→ Goal of the exercise:
Quote word for word the lines below, beginning with the first and ending with the one that has "This Deans 12AWG". Drop the pictures.
BEGIN Extracted entries
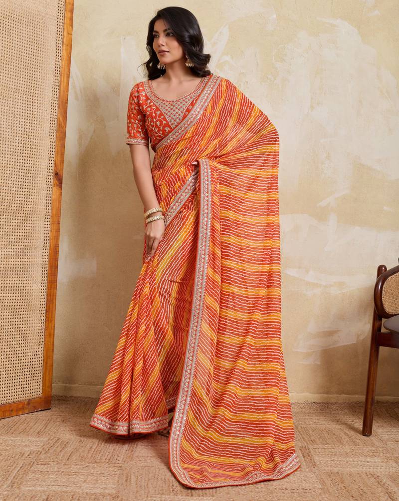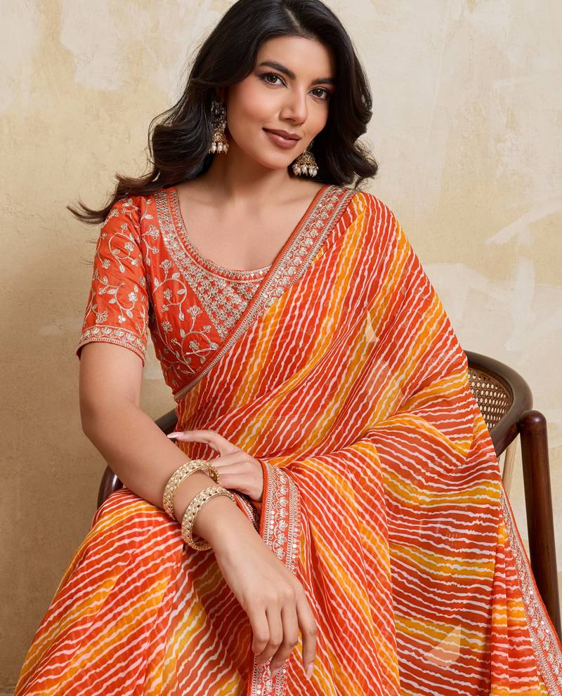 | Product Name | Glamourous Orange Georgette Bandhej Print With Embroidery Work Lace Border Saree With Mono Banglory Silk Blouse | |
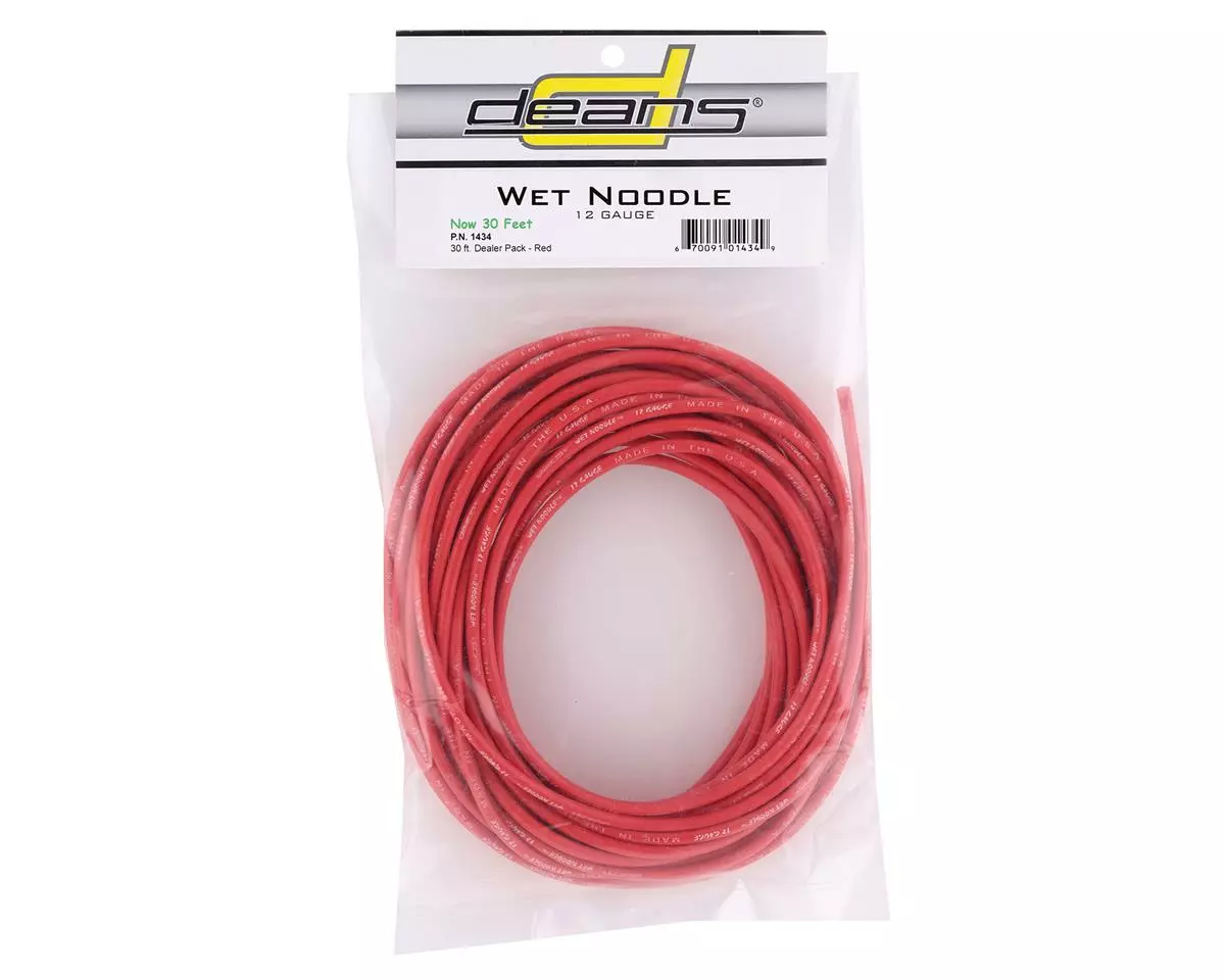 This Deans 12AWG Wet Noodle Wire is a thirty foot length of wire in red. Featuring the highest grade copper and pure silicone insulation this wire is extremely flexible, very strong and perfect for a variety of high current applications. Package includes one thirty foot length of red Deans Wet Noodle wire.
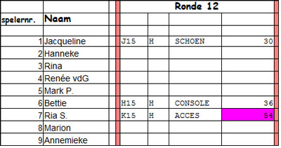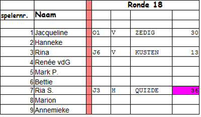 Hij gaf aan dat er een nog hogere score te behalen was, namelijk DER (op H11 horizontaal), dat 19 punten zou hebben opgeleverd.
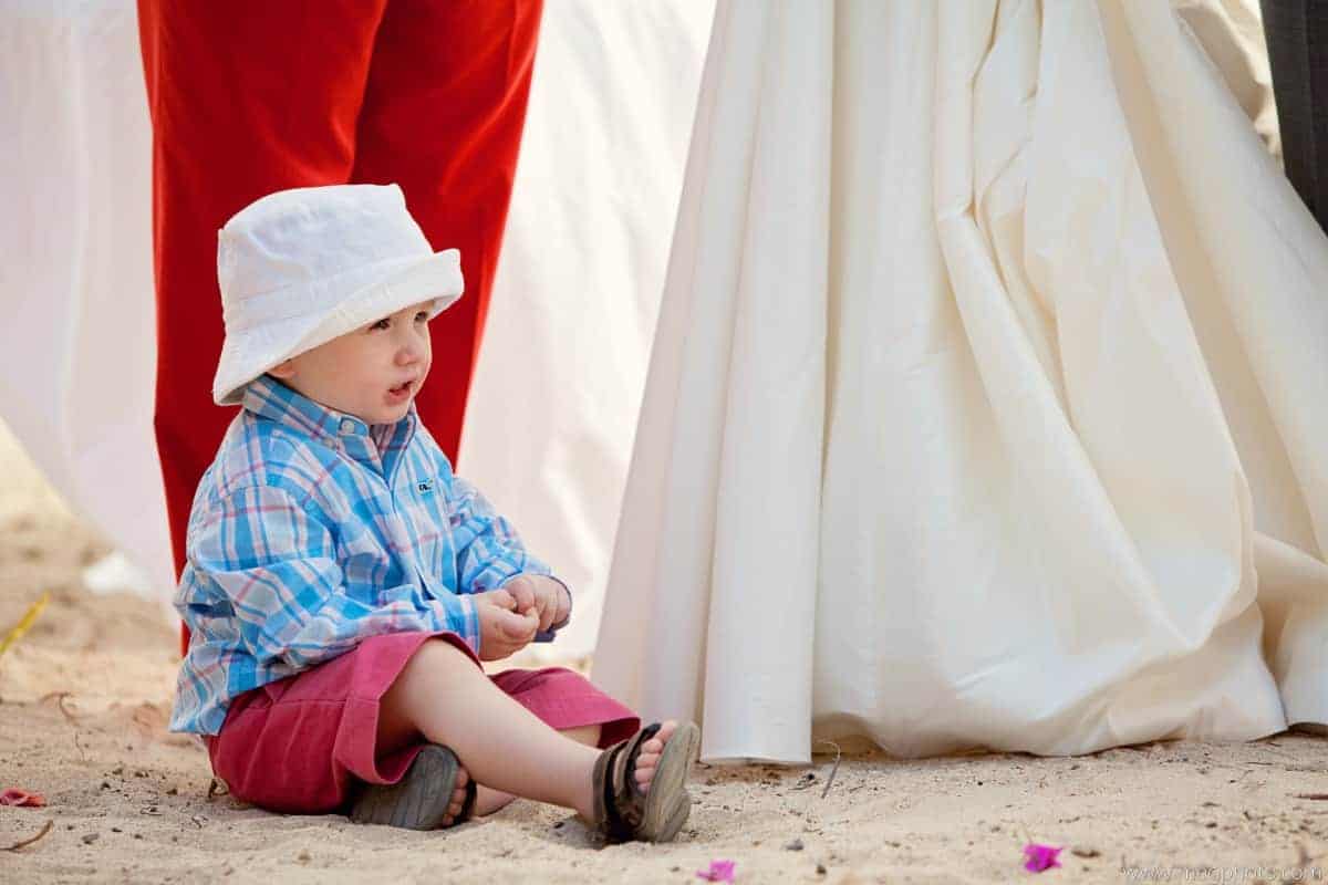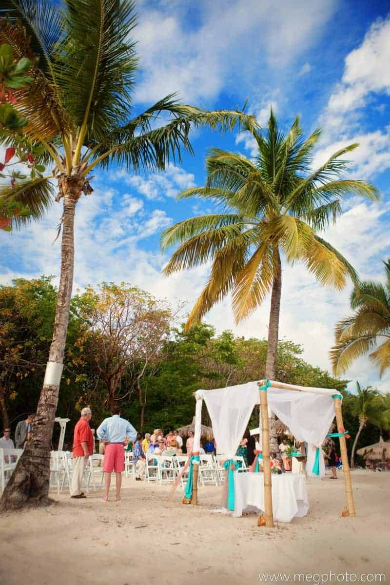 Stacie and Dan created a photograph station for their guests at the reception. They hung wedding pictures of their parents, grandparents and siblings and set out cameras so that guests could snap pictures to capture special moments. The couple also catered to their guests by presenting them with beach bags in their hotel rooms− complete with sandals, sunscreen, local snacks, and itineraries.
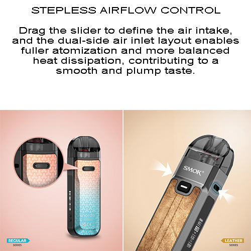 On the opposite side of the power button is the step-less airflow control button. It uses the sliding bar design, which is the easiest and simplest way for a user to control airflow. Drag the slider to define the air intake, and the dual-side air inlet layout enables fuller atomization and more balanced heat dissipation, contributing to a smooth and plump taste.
END Extracted entries
→ Result of the exercise:
 | Product Name | Glamourous Orange Georgette Bandhej Print With Embroidery Work Lace Border Saree With Mono Banglory Silk Blouse | |
 This Deans 12AWG Wet Noodle Wire is a thirty foot length of wire in red. Featuring the highest grade copper and pure silicone insulation this wire is extremely flexible, very strong and perfect for a variety of high current applications. Package includes one thirty foot length of red Deans Wet Noodle wire.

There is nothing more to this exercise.